Asking what the Earth needs transforms each of our testimonies. Simplicity becomes a witness against the market. Peace becomes the peace of all things. Equality is the decentering of humans from dominion over everything else. And all this is held within the truth that we are but one part of a living Earth that we newly understand as a co-evolving Gaian entity. Desecrate the Earth and we desecrate God.

There is a Christ-like resonance in living on a crucified Earth which, beyond all reason, still loves us. The reef, the handful of humus, the wetland, the stream, the microbiome that keeps us healthy, the mycelia that lie deep and complex as a brain beneath the forest floor, all this is Gaia, all this is to be loved. All this is to be felt holding us, loving us, despite all that we have done. The birds in the estuary carry our children’s future as they sleep. The life of a child in Dafur, or one born 3,000 years hence, cannot be discounted as being worth less than ours. There can be no othering because there is no other Earth. This, and us, and we, and them, are all one. This is what the Earth, and science, and mysticism, are all telling us.
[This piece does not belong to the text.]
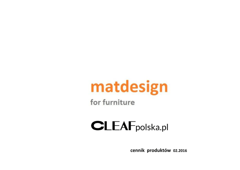 cennik produktów 02.2016 Zamówienia: Dostawa towaru: Zamówienia proszę wysyład na adres [email protected] Towar dostarczany jest spedycją, transportem dedykowanym, kurierem lub przy pomocy innych firm zewnętrznych. Zamówienia na fronty (TSS Cleaf i Akrylowe) proszę składad na formularzach dostępnych na stronie internetowej Zamówienia płyt nie wymagają formularza. Przy odbiorze towaru wymagane jest dokładne sprawdzenie zgodności z zamówieniem oraz stanu przesyłki i potwierdzenie odbioru podpisem. W zamówieniu proszę podad dane do faktury, tel. kontaktowy oraz adres dostawy. Towar należy zawsze odebrad od kuriera / przewoźnika. Ewentualne braki czy uszkodzenia należy opisad na dokumencie dostawy. Nieodebranie towaru nawet uszkodzonego skutkuje poniesieniem przez zamawiającego wszelkich dodatkowych kosztów transportu, magazynowania itp. Wszelkie uszkodzenia trzeba zgłaszad kierowcy / kurierowi oraz należy opisad uszkodzenia na dokumencie WZ czy innym dokumencie przewozowym. Realizacja zamówieo i płatnośd: Po otrzymaniu zamówienia BIURO wystawi fakturę proforma, po dokonaniu wpłaty proszę przysład potwierdzenie. Po otrzymaniu potwierdzenia wpłaty BIURO zleca produkcję / wysyłkę towaru lub awizację na odbiór własny. Zamówienia na towary ze stanu magazynowego realizowane są w ciągu 3 - 4 dni. Termin realizacji frontów jest zgodny z cennikiem. Towary wymagające zamówienia w fabryce - konieczna jest wpłata w wysokości 35% wartości zamówienia i pozostałe 65% przed dostawą. Wszelkie braki muszą byd zaznaczone i opisane na dokumencie WZ czy innym dokumencie przewozowym. Warunkiem rozpatrzenia jakiejkolwiek reklamacji jest podpis kierowcy / kuriera / przewoźnika na dokumecie dostawy. Brak podpisu kierowcy / kuriera podczas zgłoszenia niezgodności z dostawą czy uszkodzenia przesyłki traktowany jest jako dostawa pełnowartościowa. Brak adnotacji o jakiejkowiek niezgodności z zamówieniem czy uszkodzeniu towaru traktowany jest jako dostawa pełnowartościowa. Wszystkie reklamacje będą wyjaśniane niezwłocznie pomiędzy zamawiającym a Matdesign. KOSZTY TRANSPORTU - dotyczą wszystkich produktów z cennika, ceny netto Produkty o formatach innych niż wymienione poniżej wymagają indywidualnego określenia kosztów transportu Transport taki realizowany jest przy pomocy zewnętrznych firm spedycyjnych i w przyadku dostawy bezpośredniej trwa zwykle około 3 - 4 dni roboczych W przypadku transportów łączonych do kilku klientów (celem obniżenia kosztów) czas dostawy może byd dłuższy i wymaga osobnych ustaleo struktura Płyty TSS Cleaf 2800 x 2070 x 18mm nr dekoru zł/m2 cena za płytę ABS 22/1 ABS 40/1 *zł/mb+ *zł/mb+ front prosty front ramiakowy * *zł/m2+ *zł/m2+ * zobacz str 5 Aldany FB04 125,00 725,000 3,00 5,50 270,00 380,00 Azimut S028 110,00 638,00 3,00 5,50 260,00 380,00 Ares FB43, FB48, FB49 U129 105,00 609,00 3,00 5,50 250,00 380,00 Engadina S061, S063, S065 UA94 105,00 609,00 3,00 5,50 250,00 380,00 Millenium FA42, FA68, FA80 S081 105,00 609,00 3,00 5,50 250,00 380,00 ceny netto w zł strona 2 struktura Płyty TSS Cleaf 2800 x 2070 x 18mm nr dekoru zł/m2 cena za płytę ABS 22/1 ABS 40/1 *zł/mb+ *zł/mb+ front prosty front ramiakowy * *zł/m2+ *zł/m2+ * zobacz str 5 Nadir FA89, LN03 90,00 522,00 3,00 5,50 240,00 380,00 Penelope FA42, FA44, FA64 FA67, UA41, UA83 UA84, UA88, UA171 80,00 464,00 3,00 5,50 240,00 380,00 Pembroke S121, S129 110,00 638,000 3,00 5,50 260,00 380,00 Primo Fiore FA68, FA84 FB 12, FB20 90,00 522,00 3,00 5,50 240,00 380,00 Sable LR25, LR27, LR28 110,00 638,00 3,00 5,50 260,00 380,00 ceny netto w zł strona 3 struktura Płyty TSS Cleaf 2800 x 2070 x 18mm nr dekoru zł/m2 cena za płytę ABS 22/1 ABS 40/1 *zł/mb+ *zł/mb+ front prosty front ramiakowy * *zł/m2+ *zł/m2+ * zobacz str 5 Sherwood B011, S072, S073 S079 105,00 609,00 3,00 5,50 250,00 380,00 Spigato FA92 85,00 493,00 3,00 5,50 240,00 380,00 Tranche LM09, LM12 90,00 522,00 3,00 5,50 240,00 380,00 Yosemite S010 105,00 609,00 3,00 5,50 250,00 380,00 ceny netto w zł strona 4 Płyty TSS Cleaf formatki, fronty proste i ramiakowe - pozostałe usługi i informacje UWAGA - fronty ramiakowe wykonujemy w dwóch wersjach: KLASYCZNA - z płyty 8 i 18mm NOWOCZESNA - tylko z płyty 18mm 3 elenentowy 5 elementowy dopłaty do formatek i frontów prostych: - cięcie całej płyty na formatki, odpad zabiera klient cena płyty plus usługa cięcia - usługa obrzeżowania pociętych formatek - pakowanie formatek na paletę euro, w tym cena palety - fronty proste z ciągłością rysunku drewna lub struktury np. sherwood, pembroke, millenium itp. - fronty 36mm - 2,00 zł/mb cięcia - 2,50 zł/mb oklejania - 60,00 zł/paleta - dopłata 100% do ceny frontu - cena frontu 18mm x 2 + dopłata 60,00 zł/m2 dopłaty do frontów ramiakowych: - front o wymiarze powyżej 1000mm powinien posiadad dodatkowy ramiak - witryna czyli front bez płyciny z miejscem na szybę i uszczelkę, oraz z uszczelką - wypełnienie z płyty innej niż ramiak w zakresie posiadanych ceny netto w zł - dopłata 30% do ceny frontu - dopłata 50,00 zł do ceny frontu - dopłata 15% do ceny frontu UWAGA - ceny za usługi nie podlegaja rabatowaniu. strona 5 Nowość !!! front prosty Fronty akrylowe Preforming Bianco Magnolia Moro *zł/m2+ Fronty z preformingiem wykonane z utwardzonego akrylu nie wymagającego sezonowania, są gotowego do użytkowania od razu po zdjęciu folii ochronnej. Produkowane na bazie płyty mdf plus o grubości nominalnej 18mm jednostronnie laminowanej białej. Na dwóch bokach akryl jest zagięty o 90° tzw. preforming. To unikalna technologia nie stosowana dotąd w Polsce przy produkcji frontów. Doskonały wygląd czy walory estetyczne nieosiągalne dla innych frontów dają wygodę i pewnośd użytkowania. Pozostałe dwa boki są oklejone w technologii Laser. Całośd wygląda perfekcyjnie i jest odporna na działanie wilgoci. Takie wykonanie to przełom w produkc

‘Listen, be still’, I hear the Earth saying. The thousands of generations behind us are urging us forward, wishing us well, holding us dear in this labour, in this birth of the new. Look with clear eyes at the climate as it churns ahead of us for the next ten thousand years. And watch our children out there, three thousand generations hence, still coping with a climate that never stops changing – one that will never again be as benign as the one we have known. This is our time to reconcile ourselves to what we have done, and to what is about to happen. 

Then, like grace, an idea might appear to us. Perhaps our wonder and awe at Gaia’s beauty is reciprocated. Perhaps if the Earth became the touchstone of our spirituality, we would find – despite everything we have done – that the Earth is still as madly in love with humans. Just as She is with all creation. And my heart lifts.